-- EXTRACTED RECORDS follows --
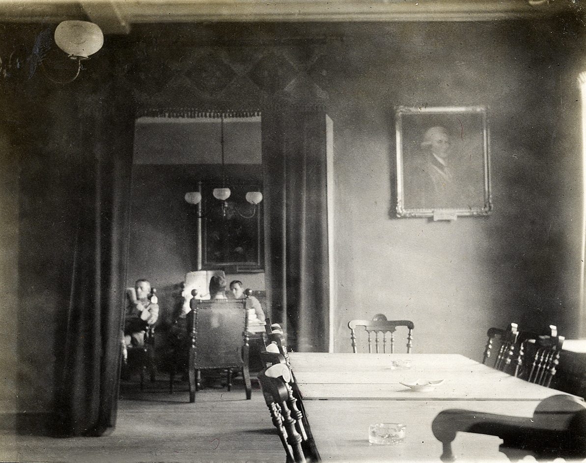 Två rum (rökrum och "punschrum") i Officersborgen. I det bortre rummet syns tre officerare som läser div. tidningar.
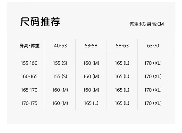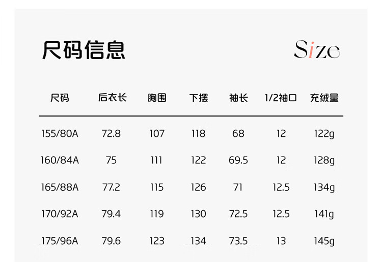 China (cm) 160-165/84-86 165-170 / 88-90 167-172 / 92-96 168-173 / 98-102 170-176 / 106-110
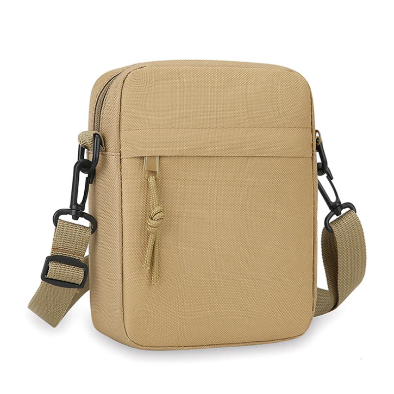This lightweight crossbody bag features a clean, rectangular silhouette with rounded corners for a modern and approachable look. The exterior is crafted from a durable, high-density woven fabric that provides a subtle tactile texture throughout the body. A discreet horizontal zipper pocket is integrated into the front panel, featuring a unique knotted cord pull tab for a handcrafted touch. For maximum portability, the bag is equipped with a wide, adjustable webbing strap attached by secure metallic swivel clips, allowing for comfortable over-the-shoulder or across-the-chest wear. With its slim profile and functional design, this "different" accessory is an ideal choice for carrying daily essentials while maintaining a minimalist aesthetic.
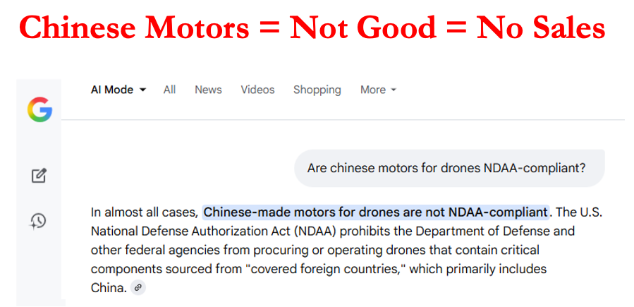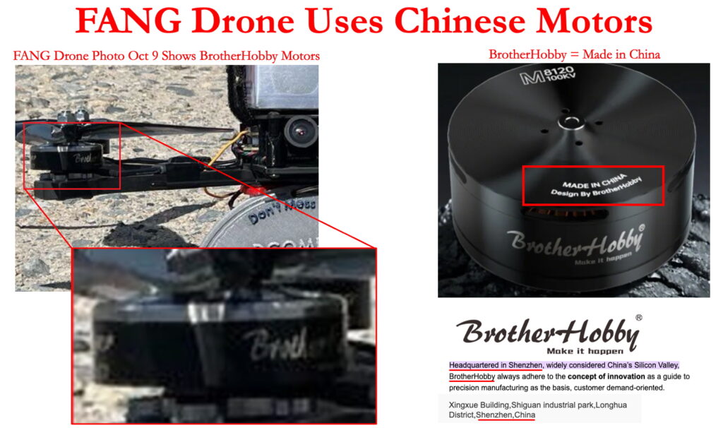 A photo of the FANG taken at a drone competition on Oct.9 in North Carolina and posted on LinkedIn by Red Cat itself clearly show motors made in China by a Chinese company called BrotherHobby.
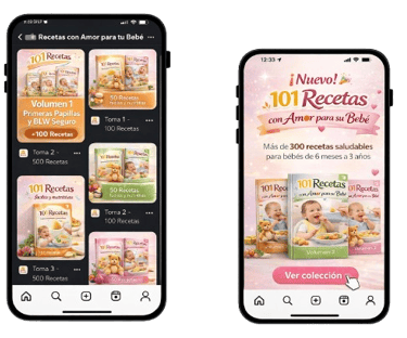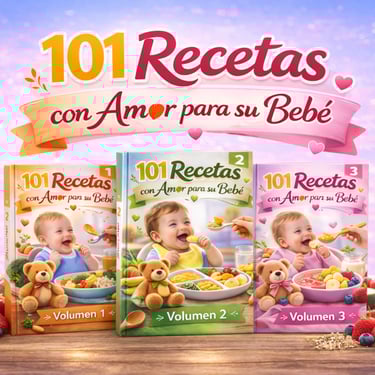Hoy no solo obtienes la colección completa “101 Recetas con Amor para tu Bebé”, sino también 5 guías exclusivas totalmente GRATIS.
-- EXTRACTED RECORDS concluded --
### [YOUR ASSIGNMENT]
Pictures should be omitted. Please return exactly the lines from the line that holds "A photo of the" through the end of the records.

### [RESULT OF THIS EXERCISE]
 A photo of the FANG taken at a drone competition on Oct.9 in North Carolina and posted on LinkedIn by Red Cat itself clearly show motors made in China by a Chinese company called BrotherHobby.
Hoy no solo obtienes la colección completa “101 Recetas con Amor para tu Bebé”, sino también 5 guías exclusivas totalmente GRATIS.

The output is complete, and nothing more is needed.